**Data**:

....

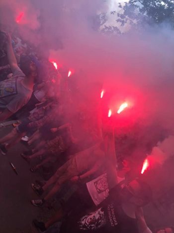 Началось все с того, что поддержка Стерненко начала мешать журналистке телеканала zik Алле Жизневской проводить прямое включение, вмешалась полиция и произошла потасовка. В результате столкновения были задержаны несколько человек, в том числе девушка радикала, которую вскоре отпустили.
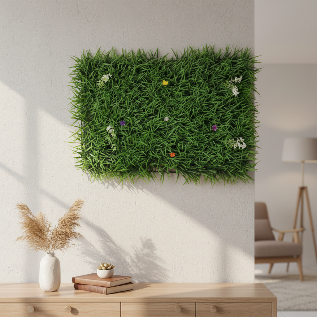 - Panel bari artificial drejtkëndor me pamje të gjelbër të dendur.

....

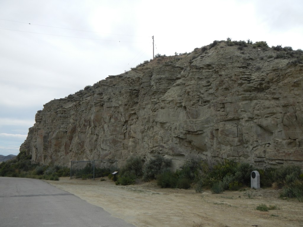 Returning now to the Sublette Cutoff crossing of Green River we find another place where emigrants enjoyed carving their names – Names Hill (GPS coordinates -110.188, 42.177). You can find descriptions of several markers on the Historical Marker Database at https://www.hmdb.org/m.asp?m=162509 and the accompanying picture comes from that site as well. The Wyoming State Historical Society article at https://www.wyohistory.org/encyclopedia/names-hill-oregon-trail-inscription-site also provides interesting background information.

....

**Task objective**: Write back the stretch of lines above that begins with the line holding "Началось все с" and ends with the line holding "- Panel bari", both included, exactly as written. Pictures stay out.

**Answer section**:
 Началось все с того, что поддержка Стерненко начала мешать журналистке телеканала zik Алле Жизневской проводить прямое включение, вмешалась полиция и произошла потасовка. В результате столкновения были задержаны несколько человек, в том числе девушка радикала, которую вскоре отпустили.
 - Panel bari artificial drejtkëndor me pamje të gjelbër të dendur.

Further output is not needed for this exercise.